→ **Task**: Give the lines below again, exactly as they stand, and leave out the images.

→ **Recorded information**:
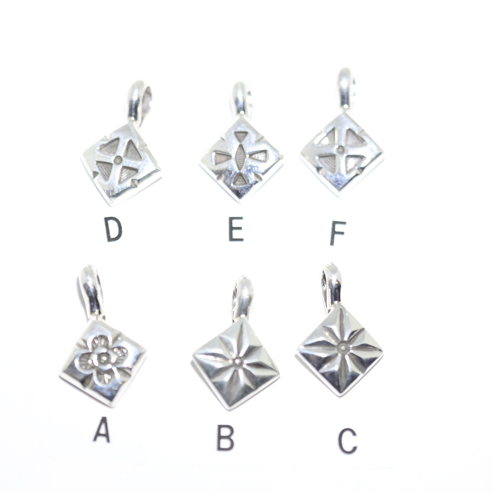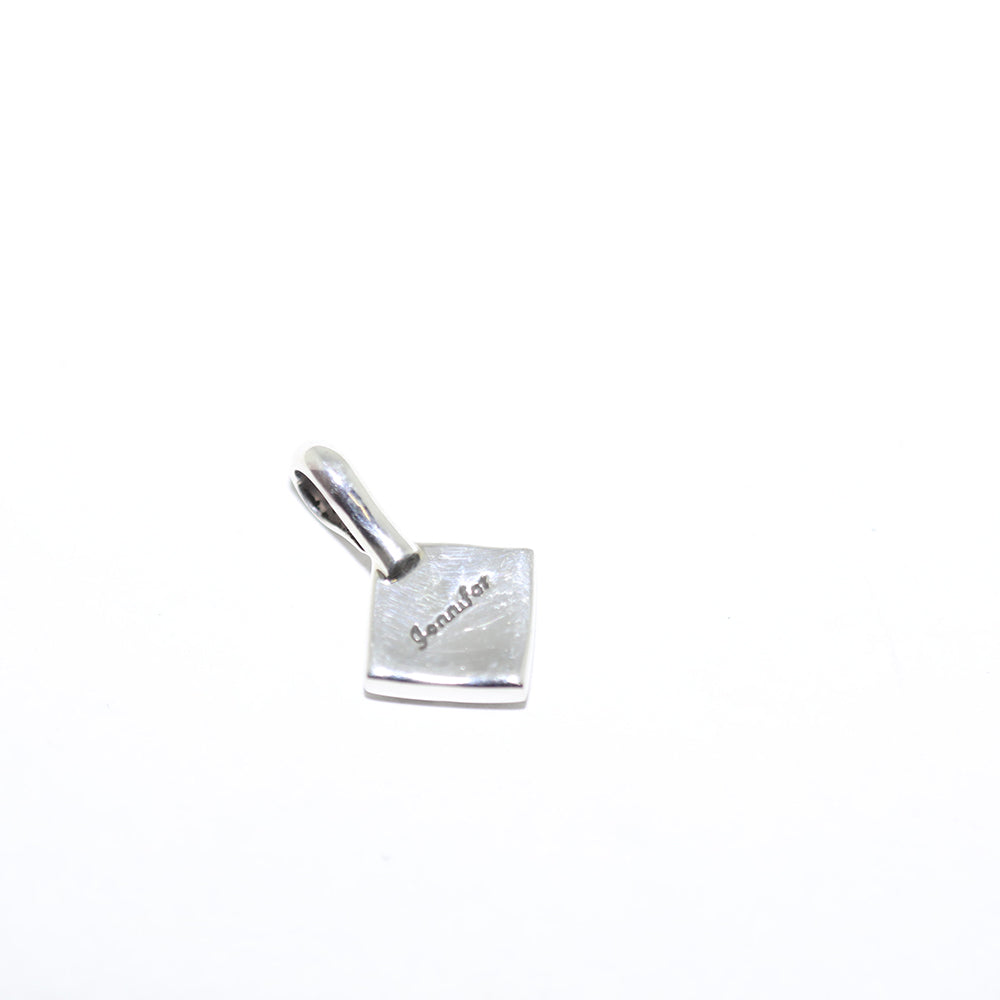 Sterling silver pendant is diamond shaped and beautifully hand stamped on thick silver.
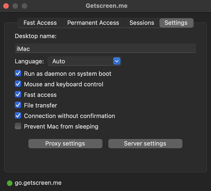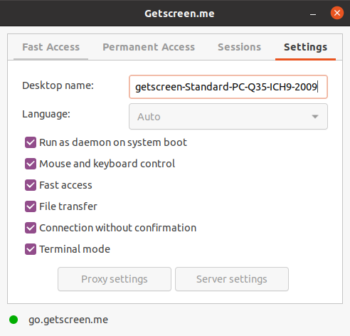 These settings are used when the device running the application connects to the Internet through a proxy server. You can specify authentication parameters for the application to connect to the Getscreen.me server via the proxy.
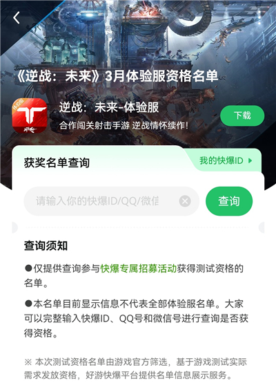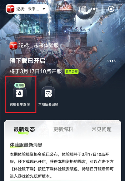 1、在好游快爆App搜索逆战未来,点击页面上方的【资格名单查询】。

→ **Result**:
 Sterling silver pendant is diamond shaped and beautifully hand stamped on thick silver.
 These settings are used when the device running the application connects to the Internet through a proxy server. You can specify authentication parameters for the application to connect to the Getscreen.me server via the proxy.
 1、在好游快爆App搜索逆战未来,点击页面上方的【资格名单查询】。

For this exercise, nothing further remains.